American businessman

Peter J. Taggares was one of the wealthiest and most influential farmers in Washington state. At his death, his holdings included the largest irrigated potato farm in Oregon and one of the world's largest vineyards. He was also involved in politics, having contributed to numerous candidates from both major US political parties.

==Life==
Taggares' father, Peter Taggares (Tagaris), emigrated from Greece at the age of 18. He traveled across the United States, eventually settling in Prosser, Washington, where he farmed and raised his family.

Taggares quit school after the third grade. In 1956, he established a small farm near Othello, Washington. From that beginning he built an agricultural empire in the Pacific Northwest second only to that of JR Simplot.

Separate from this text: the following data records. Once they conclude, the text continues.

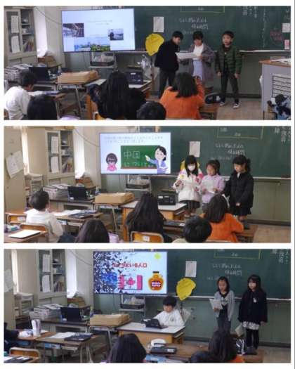 3年生は、自分たちで調べた外国のことについてプレゼンします。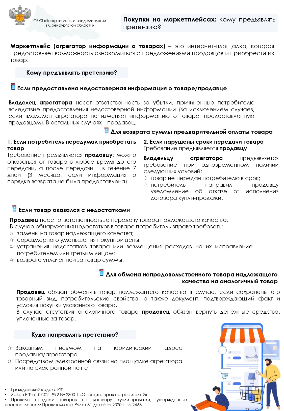 Юго-Западным отделом Управления Роспотребнадзора по Оренбургской области (тел.: 4-59-32) и Консультационным пунктом Сорочинского филиала ФБУЗ «Центр гигиены и эпидемиологии в Оренбургской области» (тел.: 4-60-53) проводятся «Горячие линии» приуроченные Всемирному дню прав потребителей с целью оказания практической помощи по вопросам защиты прав потребителей.
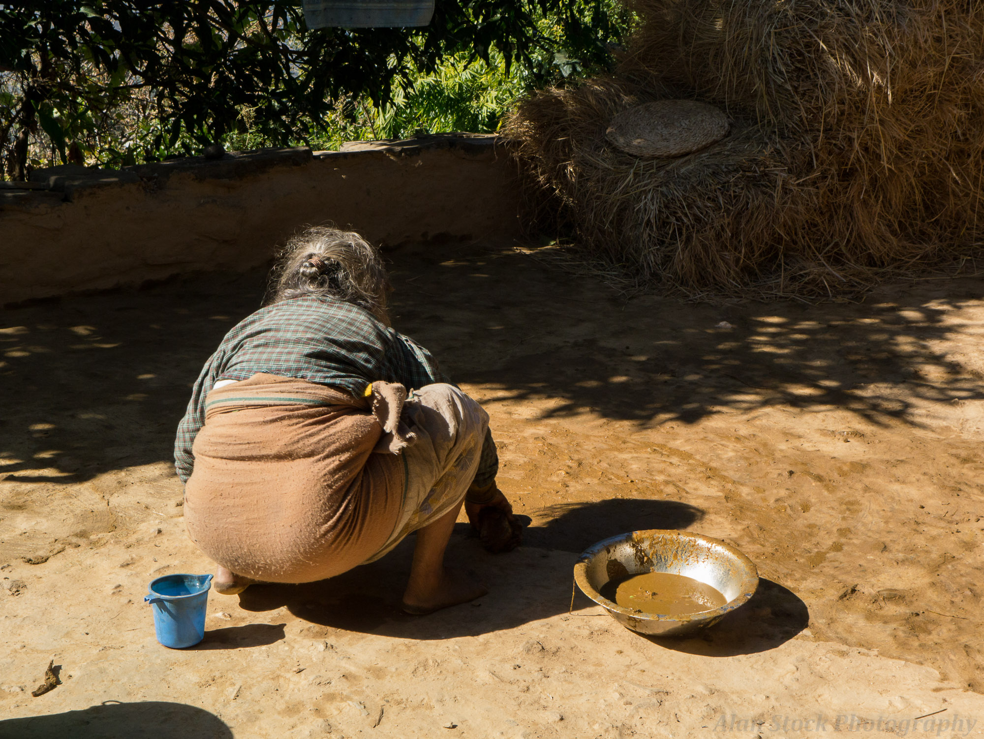 alanstockphotography-1090747 Published September 17, 2016 at 2000 × 1502 in Photo Documentary – Karmidanda – Nepalese Mountain Village Ama, Jhabraj’s mother, at over 80 years old still works hard every day. Here she spreads liquid cow dung on the yard to aid weathering.
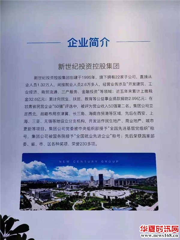 甘肃省新世纪投资控股集团有限责任公司创建于1995年,旗下拥有22家子公司,直接从业人员1.32万人,间接就业人员2.6万多人,经营业务涉及“开发建筑、工业经济、商贸流通、三产服务、金融投资”等领域;近五年来上缴税金32.6亿元;累计向民生、扶贫、教育等公益事业捐款捐物2.99亿元;在甘肃省民营企业“50强”评选中,被评为营业收入50强第二名。集团公司党委被中央组织部授予“全国先进基层党组织”称号,集团公司被国务院授予“全国就业先进企业”称号;先后荣获国家部委、省、市、区各种奖项、荣誉230多项。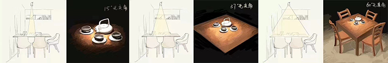 5、材質(zhì)、光束角度、光源色彩等靈活應用。材質(zhì)不同,其中透明度、反射率、折射率、發(fā)光度等都不同。不同方向的燈光照射在同一物體上,表現(xiàn)出來的光澤和肌理也是不一樣,靈活駕馭光線的特點,可以讓餐廳墻面或者物體及軟裝陳設(shè)品產(chǎn)生豐富的光暈和肌理的變化。同一個光源,扣上不同型號的燈杯后,它可以產(chǎn)生大小不一的光斑,如果我們從燈體發(fā)散一條射線到達光斑邊緣,線與燈之間形成的角度就是光束角。相同功率的燈杯,光束角越大,中心光強越小,發(fā)散出的光斑越柔和;相反,光束角越小,中心光強越大,發(fā)散出的光斑越生硬。不同光束角打在墻上的光斑大小是不一樣的,一般20度以下的叫窄光束角,20~40度叫中光束角,40度以上叫寬光束角。在品深餐飲空間設(shè)計中,一般中餐廳的照明使用的光速角在37度,用光線可以覆蓋整個餐桌;而咖啡館喜歡用15度的光速角,光源聚焦在咖啡杯。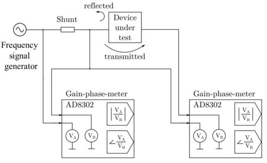 The measurement principle of the portable SAW impedance meter (SIM), as shown in Figure 1, comprises of the direct measurement of gain and phase of the SAW sensor referred to a reference resistance which allows the calculation of the impedance spectrum XSAW, as shown in Equation (2):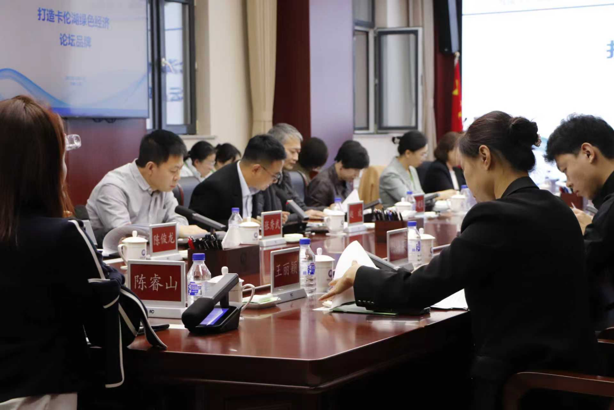 首届卡伦湖绿色经济论坛在吉林工商学院举行揭牌仪式,由知名学者李建臣、长春市九台区人民政府副区长杜鹏进行揭牌。论坛成立了卡伦湖绿色经济委员会,论坛名誉主席、吉林工商学院校长李宝永、首届论坛主席、吉林大学原校领导杜莉教授先后进行致辞,在全场嘉宾的共同见证下,由知名学者李建臣、吉林工商学院党委常委、副校长董本云共同完成“卡伦湖绿色经济论坛组织委员会”揭牌仪式,会议由论坛秘书长、吉林大学赵放教授主持。

At his death his holdings, estimated to be worth half a billion dollars, included the largest irrigated farm in Oregon and one of the world's largest vineyards. Chef Reddy Corp., which he founded in 1964, became one of the nation's largest producers of French fries.

On his farm every piece of equipment was painted white. This extended from his tractors, potato diggers, and potato trucks to his corporate jet, Mercedes, Cadillacs and yacht. On his 3500 acre farm in Othello, Washington, even the telephone poles are white.

==Involvement in politics==
Although Taggares maintained a low profile outside of the agricultural community, he was frequently involved in politics and was frustrated by the government's inability to make decisions. He was a campaign contributor. In 1997 he was fined $52,500 (the largest such fine in Washington State history) for illegally contributing money to political candidates, much of it in the names of his employees.

==Commodities trading==
In the mid-1970s, Taggares and his competitor, J. R. Simplot, were involved in the largest default in the history of American commodities futures trading. The incident, which led to a fine and temporary suspension from futures trading, nearly destroyed the New York Mercantile Exchange.